ASSIGNED TASK:
Write out all of the records precisely. Skip anything that is a picture.

DATASET RECORDS:
= Beginning of Section =
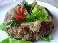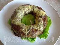 За 5 минут до готовности мясное кольцо вынуть, уложить на него кусочки сыра и запекать до готовности.
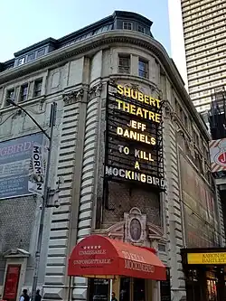 Tim Minchin's West End hit Matilda the Musical opened at the Shubert in April 2013[330][331] and ran for 1,554 performances through the beginning of 2017.[332] Subsequently, the Shubert staged a revival of Hello Dolly! with Bette Midler from April 2017 to August 2018.[333][334] Hello, Dolly! broke the box office record for the Shubert Theatre twelve times,[335] grossing $2.4 million during the week of October 23, 2017.[336] Aaron Sorkin's play To Kill a Mockingbird opened in December 2018[337] and ran until all Broadway theaters temporarily closed on March 12, 2020, due to the COVID-19 pandemic.[338] The Shubert reopened on October 5, 2021, with To Kill A Mockingbird,[339][340] which closed in January 2022.[341][342] The Shubert's next booking, a limited run of the farce POTUS, opened in April 2022.[343][344] It was followed by the musical Some Like It Hot in December 2022,[345][346] which closed in December 2023.[347] The musical Hell's Kitchen opened at the theater in April 2024,[348] transferring from off-Broadway.[349]
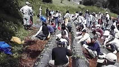 川場村に無事つきました。昼食時に少し雨に降られましたが計画通り進んでいます。写真は歴史民俗資料館見学とサツマイモの苗植えの様子です。
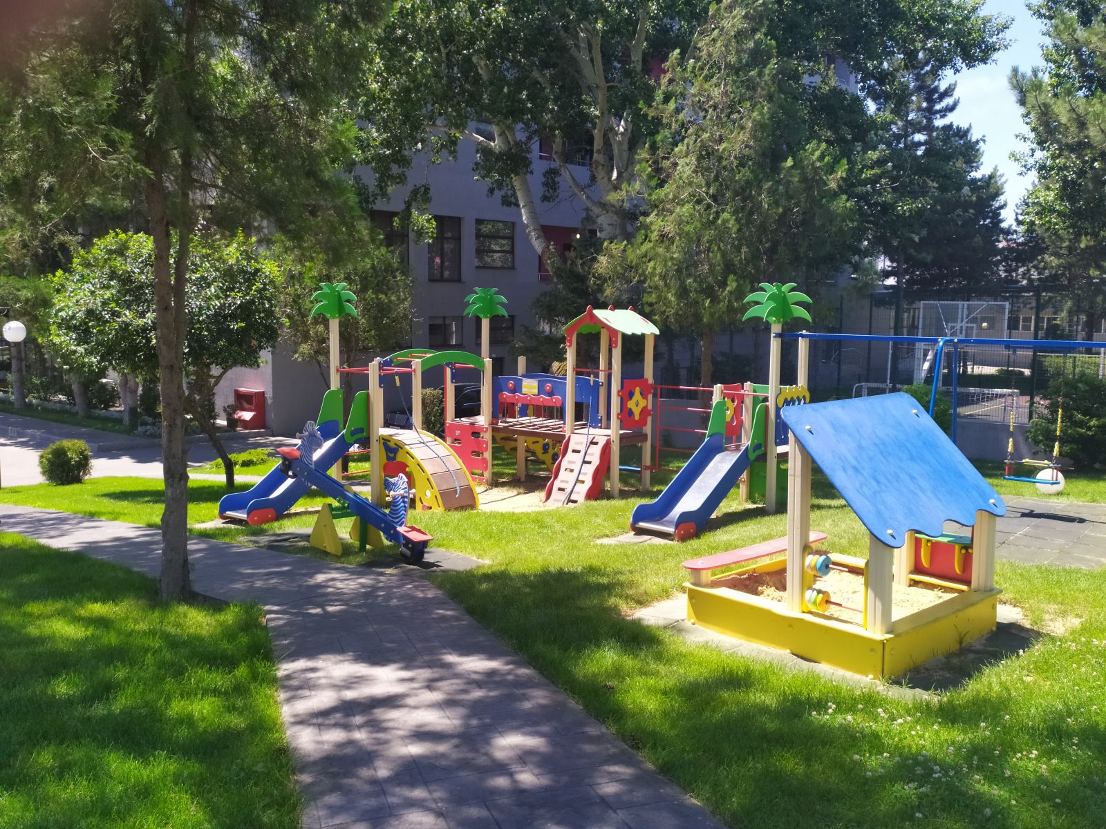 На территории отеля – удобная детская площадка (что важно, днем она в легкой тени).
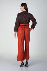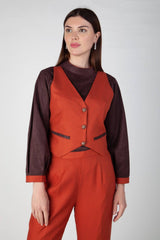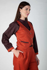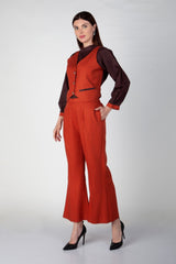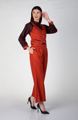 Brick Orange office trouser and shirt in suede and teri wool . Fabric- Suede & Teri Wool
= End of Section =
ANSWER AREA:
 За 5 минут до готовности мясное кольцо вынуть, уложить на него кусочки сыра и запекать до готовности.
 Tim Minchin's West End hit Matilda the Musical opened at the Shubert in April 2013[330][331] and ran for 1,554 performances through the beginning of 2017.[332] Subsequently, the Shubert staged a revival of Hello Dolly! with Bette Midler from April 2017 to August 2018.[333][334] Hello, Dolly! broke the box office record for the Shubert Theatre twelve times,[335] grossing $2.4 million during the week of October 23, 2017.[336] Aaron Sorkin's play To Kill a Mockingbird opened in December 2018[337] and ran until all Broadway theaters temporarily closed on March 12, 2020, due to the COVID-19 pandemic.[338] The Shubert reopened on October 5, 2021, with To Kill A Mockingbird,[339][340] which closed in January 2022.[341][342] The Shubert's next booking, a limited run of the farce POTUS, opened in April 2022.[343][344] It was followed by the musical Some Like It Hot in December 2022,[345][346] which closed in December 2023.[347] The musical Hell's Kitchen opened at the theater in April 2024,[348] transferring from off-Broadway.[349]
 川場村に無事つきました。昼食時に少し雨に降られましたが計画通り進んでいます。写真は歴史民俗資料館見学とサツマイモの苗植えの様子です。
 На территории отеля – удобная детская площадка (что важно, днем она в легкой тени).
 Brick Orange office trouser and shirt in suede and teri wool . Fabric- Suede & Teri Wool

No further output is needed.